ABD’nin sürdürülemez borç yapısı, piyasaları zaten tedirgin ederken şimdi bir başka küresel risk kapıda: Japon yen’ine dayalı carry trade'in çözülme süreci. Özellikle ABD tahvil piyasası üzerindeki baskının artması bekleniyor.
Japonya’nın 30 yıllık tahvillerinde getiriler yüzde 3,2 ile tarihi zirveye ulaştı. Bu yükseliş, hükümetin son yıllardaki en başarısız tahvil ihalesinin ardından geldi. Japon tahvil getirileri hâlâ ABD tahvillerine kıyasla düşük olsa da (ABD 30 yıllık tahvilleri yaklaşık yüzde 5 getiri sağlıyor), analistler bu durumu "küresel ölçekte sarsıcı bir gelişme" olarak nitelendiriyor.
City Index ve FOREX.com analisti Fawad Razaqzada’ya göre, Japonya Merkez Bankası’nın (BoJ) para politikasında normalleşme adımları atmasıyla birlikte yıllardır süregelen carry trade dinamiği kırılmaya başladı. Bu sistemde yatırımcılar sıfır faizle yen borçlanıp, daha yüksek getirili varlıklara yatırım yapıyordu.

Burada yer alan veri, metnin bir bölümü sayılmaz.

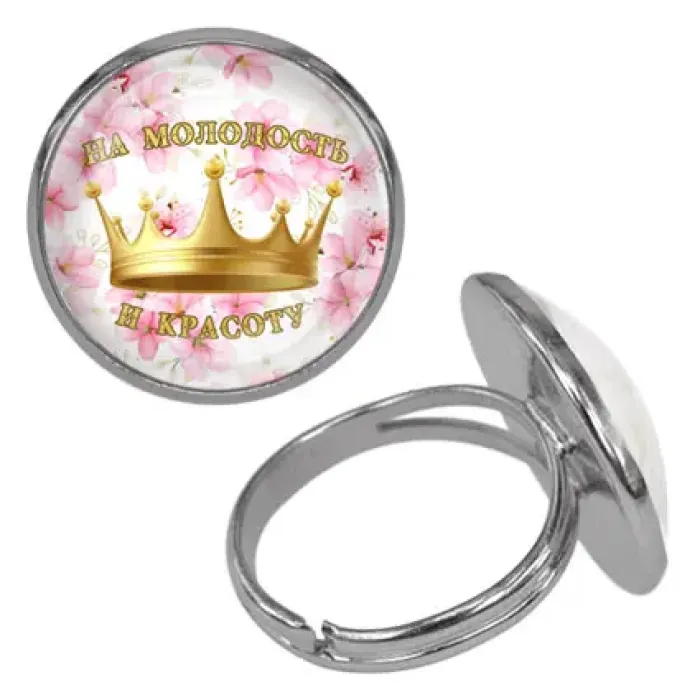 Безразмерное кольцо 'На молодость и красоту' — сувенирное украшение из бижутерного сплава с дизайном под выпуклой стеклянной линзой.

Razaqzada, “Geçen yaz gördüğümüz gibi, bu model yeniden çökmeye başladı. Altın yatırımcıları kemerlerini bağlasın, çünkü ciddi bir kırılma kapıda olabilir,” diyor.

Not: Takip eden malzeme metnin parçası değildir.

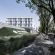 項目位于城市和校園的交界,北側(cè)文瀾路是仙林大學城創(chuàng)新創(chuàng)業(yè)街區(qū),東側(cè)臨城市道路,西側(cè)是實訓樓?;貞@和城市區(qū)位,設計意圖營造一個學城共享,促進交往,富有歸屬感的“創(chuàng)客街區(qū)”,為校園師生搭建工作、學習、分享、交流、合作的平臺。建筑主體成條形布置,北側(cè)廣場向城市開放,南側(cè)為內(nèi)部使用的地面停車場,東南角設置配電房,結(jié)合校園東門做景觀化處理。建筑首二層“平臺”沿道路形成連續(xù)的界面,三到五層分為三個方形體量,與西側(cè)實訓中心界面基本守齊,形成呼應關系;體量左右錯動呼應道路斜線以及現(xiàn)有建筑的輪廓關系。首層北端布置環(huán)形的創(chuàng)業(yè)講堂,靠近建筑門廳;中央無立面采光的區(qū)域設置會議研討室以及交往空間,木質(zhì)的格柵營造溫馨的休閑氛圍,螺旋樓梯聯(lián)系二層,利用可以自動感應開啟的天窗引入陽光和空氣,體現(xiàn)氣候適應性建筑的設計理念。建筑立面利用塔樓方形單元懸挑產(chǎn)生體量穿插和光影變化,在大面處理上運用材料、色彩、凹凸、細部、線條劃分等造型因素,營造活潑、明快、簡潔的校園建筑形象。
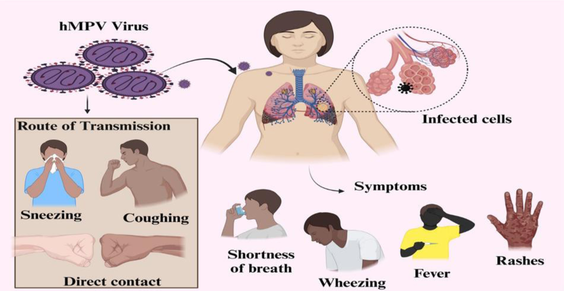 Human metapneumovirus (HMPV) has emerged as a significant global cause of acute respiratory infections, disproportionately affecting vulnerable populations such as young children, the elderly, and immunocompromised individuals. Despite its considerable impact, contributing to 5%–15% of pediatric respiratory hospitalizations and 10% of respiratory deaths in children under five, HMPV often remains underdiagnosed and receives insufficient attention within public health frameworks. The absence of specific antiviral treatments and preventative vaccines further exacerbates its clinical consequences.
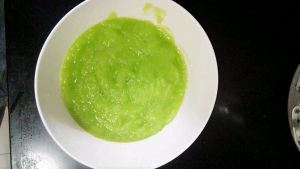 芹菜打成泥加入鸡蛋,面粉,盐,如果觉得很稠可以适当加点水调稀

Carry trade sistemi ilk kez 1999’da BoJ’un faizleri düşürmesiyle devreye girmişti. Ancak 2024’te BoJ’un faiz artırmaya başlamasıyla bu stratejinin cazibesi azaldı. Tahminlere göre bu pozisyonların küresel ekonomide yaklaşık 1 trilyon dolarlık bir etkisi bulunuyor.
IG analisti Axel Rudolph’a göre, bu devasa pozisyonların çözülmesiyle birlikte döviz kurlarında sert hareketler yaşanabilir. Japon yatırım sermayesinin çekildiği ülkelerde likidite problemleri ve varlık fiyatlarında çöküşler görülebilir.
“Bu sermaye geri çekilmesi, sadece bu piyasaları değil, genel finansal istikrarı da tehdit edebilir,” diyen Rudolph, ABD 30 yıllık tahvil getirilerinin son iki yılın en yüksek seviyesine çıkmasında bu sürecin etkili olabileceğini belirtti.
Razaqzada, bu belirsizlik ortamında altının güvenli liman olarak yeniden parladığını söylüyor. "Genelde yen ve altın birlikte hareket eder. Japon tahvillerindeki gelişmeler altın için destekleyici. Getiriler yükselse de, yatırımcılar artık risksiz varlıklara yöneliyor,” yorumunu yaptı.
2023’te carry trade’in çözülmeye başlamasıyla altın sadece iki ayda 2.400 dolardan 2.600 dolara fırlamıştı.
Razaqzada’ya göre Japonya’nın yaşadığı bu sarsıntı, küresel tahvil piyasasında zincirleme bir etki oluşturabilir. Tokyo yönetimi, para birimini savunmak ya da iç piyasayı desteklemek için ABD tahvili satmak zorunda kalabilir.
“Japonya'nın elinde 1,1 trilyon dolarlık ABD tahvili var. Bu varlıkların satışa çıkması, ABD tahvil faizlerini sıçratabilir. Üstelik Amerika’nın kredi notunun zaten düşürüldüğü bir dönemde,” diyen analist, dünya borç piyasalarının pamuk ipliğine bağlı olduğunu vurguluyor.
Razaqzada'ya göre altında ilk destek 3.245-3.275 dolar aralığında. Direnç ise 3.360 dolarda. Bu seviyenin kırılması hâlinde, önce 3.400, ardından da rekor seviye olan 3.500 dolar gündeme gelebilir.